## [Work instruction]
Each line of the data must reappear exactly in your answer, with no images included.

╭─ Supplied information

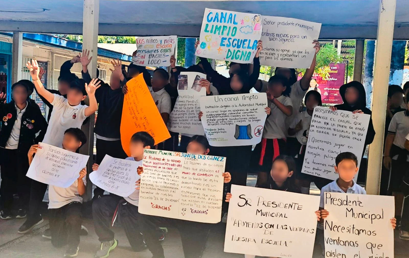 Jennifer, alumna de cuarto grado, junto con otros niños, sostenía un cartel en el que solicitaban el apoyo del presidente municipal para que las ventanas del plantel fueran corredizas y aislantes de sonido. Explicaron que hay compañeros dentro del espectro autista que, ante ruidos fuertes, entran en crisis.
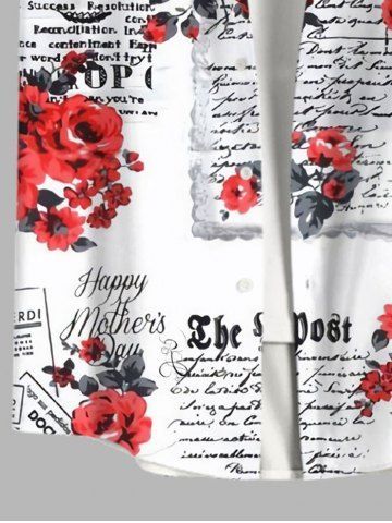 Plus Size Flower Newspaper Letters Print Valentines Button Pocket Shirt For Men - White - S
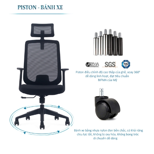 • Bánh Xe Nhựa Nylon Êm Ái: 5 bánh xe nhựa Nylon giúp chiếc ghế lưới văn phòng này di chuyển nhẹ nhàng, linh hoạt, không gây tiếng ồn và bảo vệ sàn nhà khỏi trầy xước.
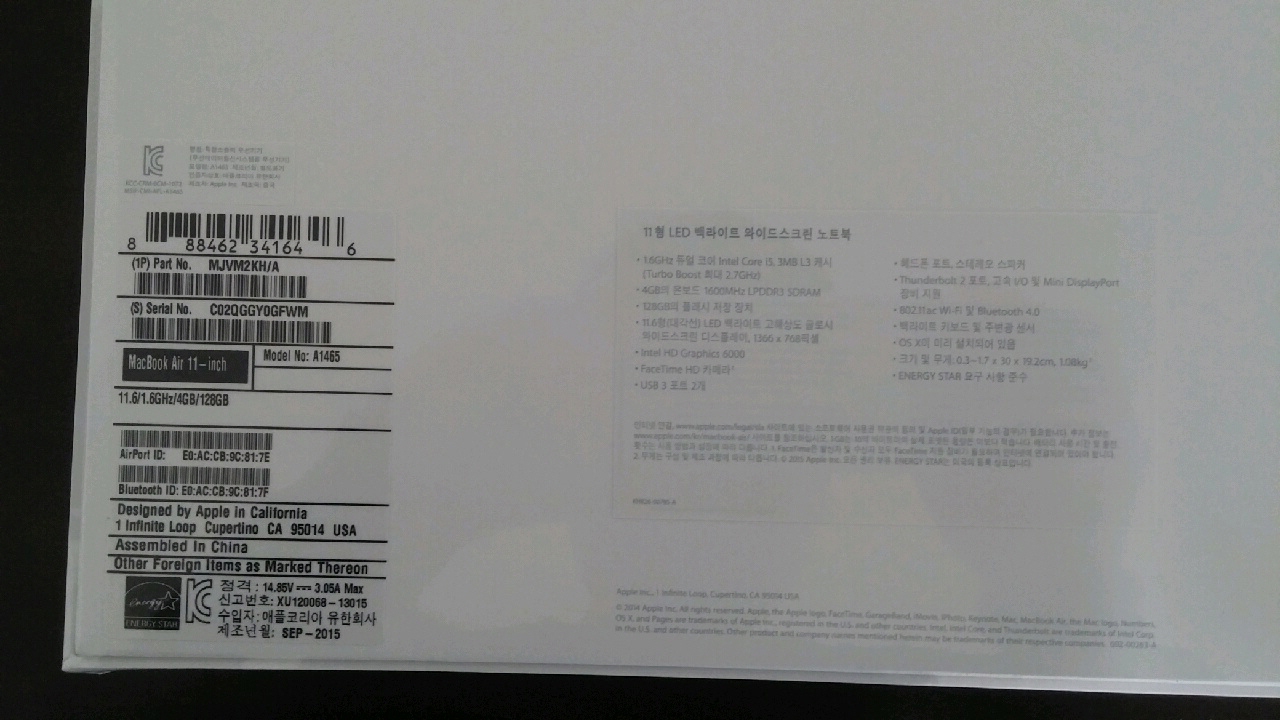 2015년 맥북에어(Macbook air) 11인치 (개봉전) 팝니다.

╰─

## [Solution to this problem]
 Jennifer, alumna de cuarto grado, junto con otros niños, sostenía un cartel en el que solicitaban el apoyo del presidente municipal para que las ventanas del plantel fueran corredizas y aislantes de sonido. Explicaron que hay compañeros dentro del espectro autista que, ante ruidos fuertes, entran en crisis.
 Plus Size Flower Newspaper Letters Print Valentines Button Pocket Shirt For Men - White - S
 • Bánh Xe Nhựa Nylon Êm Ái: 5 bánh xe nhựa Nylon giúp chiếc ghế lưới văn phòng này di chuyển nhẹ nhàng, linh hoạt, không gây tiếng ồn và bảo vệ sàn nhà khỏi trầy xước.
 2015년 맥북에어(Macbook air) 11인치 (개봉전) 팝니다.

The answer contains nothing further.